I don't know, I usually don't get sick that much, but when I do I get REALLY sick. Remember men usually aren't the one with headaches all the time and we don't automatically bleed once a month.


Originally posted by ronishia
Why do men find farting so damned funny? its like some pre pubesent urge to giggle like a child and they always seem to have this urge to take a good damned sniff and stand back in awe at the fumes...for godsake... not saying u cant fart but keep it the hell away from me...esp when im bloody eating!!


Yes, your exactly right. It smells bad = hilarious, especially in the presence of other men. This is a secret method of communication between men, much like women will sit around in groups and complain about everything to each other so they can feel good about themselves.

Men have to laugh at things, otherwise we would succumb to anger. We don't have the ability to sit around and complain to each other without beating each other to a pulp.


Originally posted by ronishia
Men's definition of being clean and presentable.......clothes only being a week old! no wonder socks go missing they have grown legs and ran the hell away.


Many men genuinely don't care what others think about them. That being said, I am not like this and I don't recall many guys that are, maybe start looking for men somewhere other than a soup kitchen.


Originally posted by ronishia
And what the hell is that smell in a lads bedroom???.........it defies explination --- its like a cross between death, sweat, old socks and god knows what else, and yet any amount of searching around for the offensive smell yields nothing.


That's what happens when you come home after doing actual hard work, you smell. I've cleaned plenty of bathrooms in my time and I can tell you most of the time the females bathroom usually smells worse and trash is thrown everywhere. It seems neither men nor women like to flush the damn toilet though, this irks me.


Originally posted by ronishia
A little tip - yall want your clothes ironed? washed? - put em in the washer and not ont he floor i aint your maid, i aint your mother - even betetr learn how to use a washing machine and iron...seriously they dont bite...you wont fall into the twilight zone if you touch them.


Personally, I would rather do my own laundry. It seems like some women do laundry and stuff like this just so they can complain about this exact thing.

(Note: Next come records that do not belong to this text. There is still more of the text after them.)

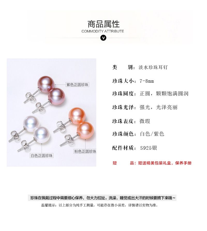 商品名称:至简 S925银淡水珍珠耳钉正圆素钉 媲美akoya耳环女耳饰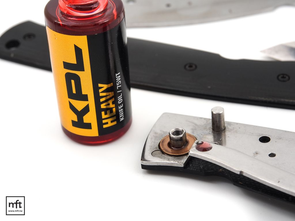 2️⃣點一兩滴到需要潤滑的部位,若是針對折刀轉軸,在不拆解刀子的狀態下,可以直接從側邊點油到轉軸處,左右各一兩滴,之後開合數次即完成潤滑動作。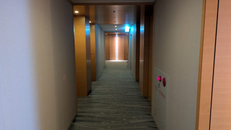 客室フロアの廊下は、照明がやや落とされていて落ち着いた雰囲気。足音も響きにくく、プライベート感があります。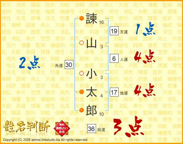 諫(16画)山(3画) 小(3画)太(4画)郎(10画)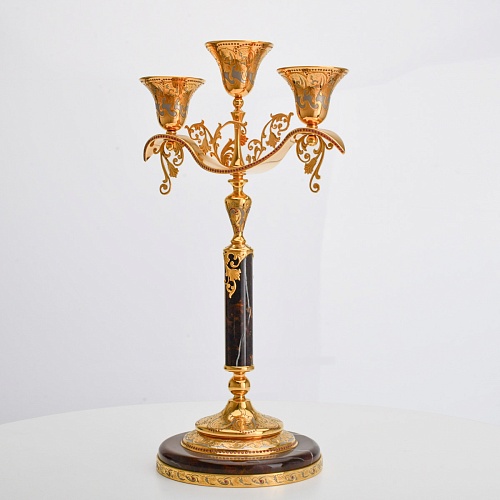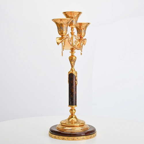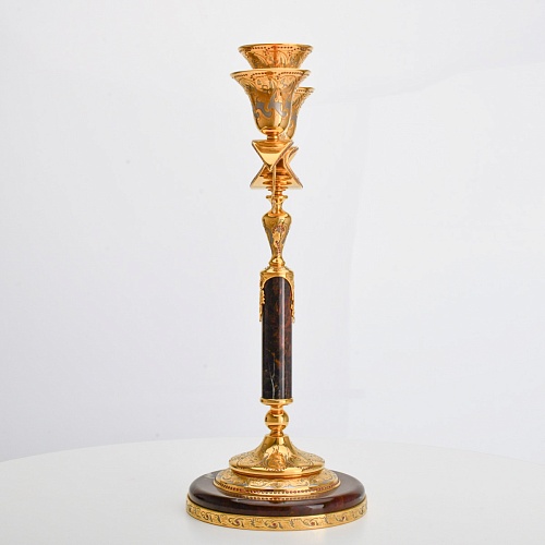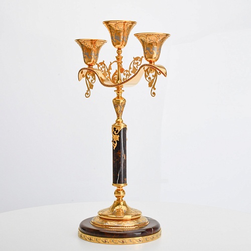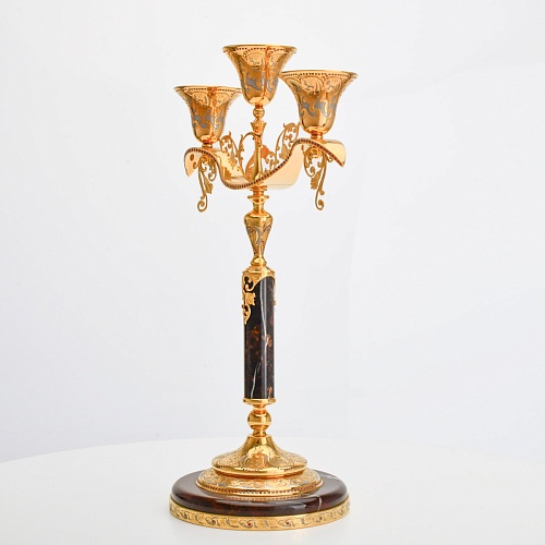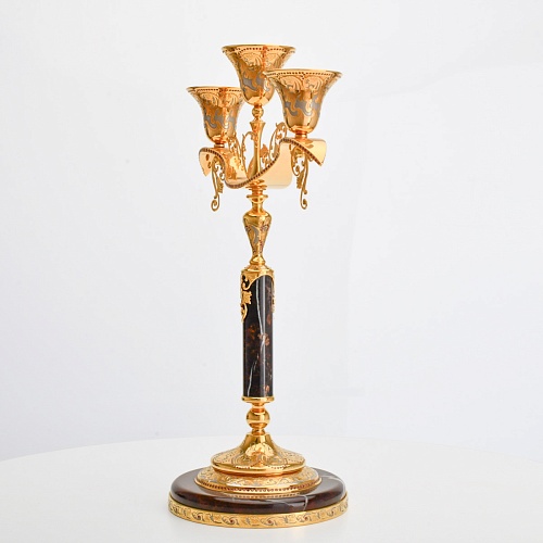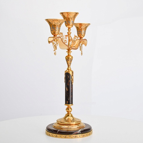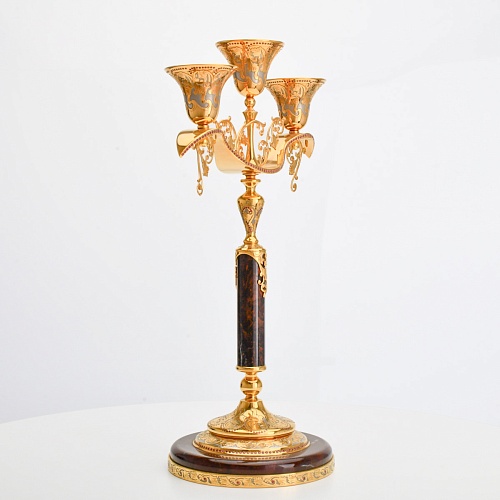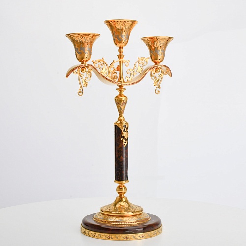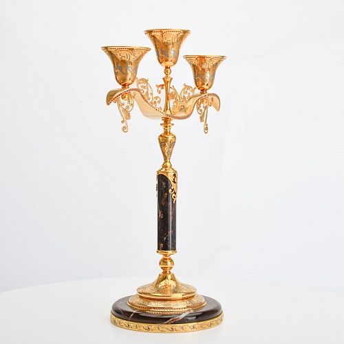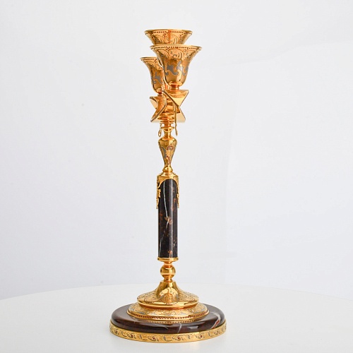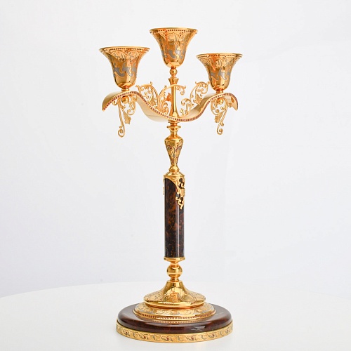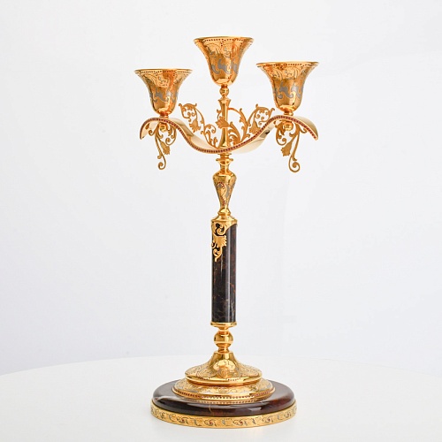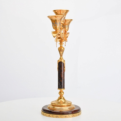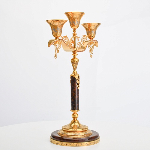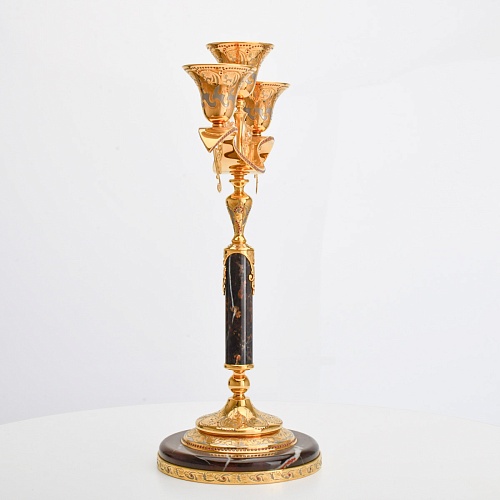 Изящный трехрожковый подсвечник представляет собой сочетание самого известного и распространенного самоцвета на земле – яшмы и тонко обработанных, декорированных деталей из металла. Чаши подсвечника представляют собой перевернутые колокольчики, которые помещены на единую дугу, украшенную прорезными элементами и инкрустированную родолитами, которые еще называют «розовый гранат».

Originally posted by ronishia
And whats wrong with making ME a cuppa once and a while? or make me dinner afte ri get home from work? is it so hard? i work, i look after the kids, i clean, i do the grocery stuff...is it so hard to get you to make me a cuppa? And for godness sake remembering my bday/anniversary shouldnt be like pulling teeth....they can tell you every football/sports score from now goin back 10 yrs, they could tell you everything about the latest cars/guns/ fishing aperatus or latest tool or gadget..but cant remember a birthday or anniversary!!


I'm not sure what a cuppa is, is it something hard to make? If you found a guy who would make dinner for you and always remember your anniversary, you would probably start thinking of him as less of a man in a short time and leave him for another douchebag who only wants to get into your pants.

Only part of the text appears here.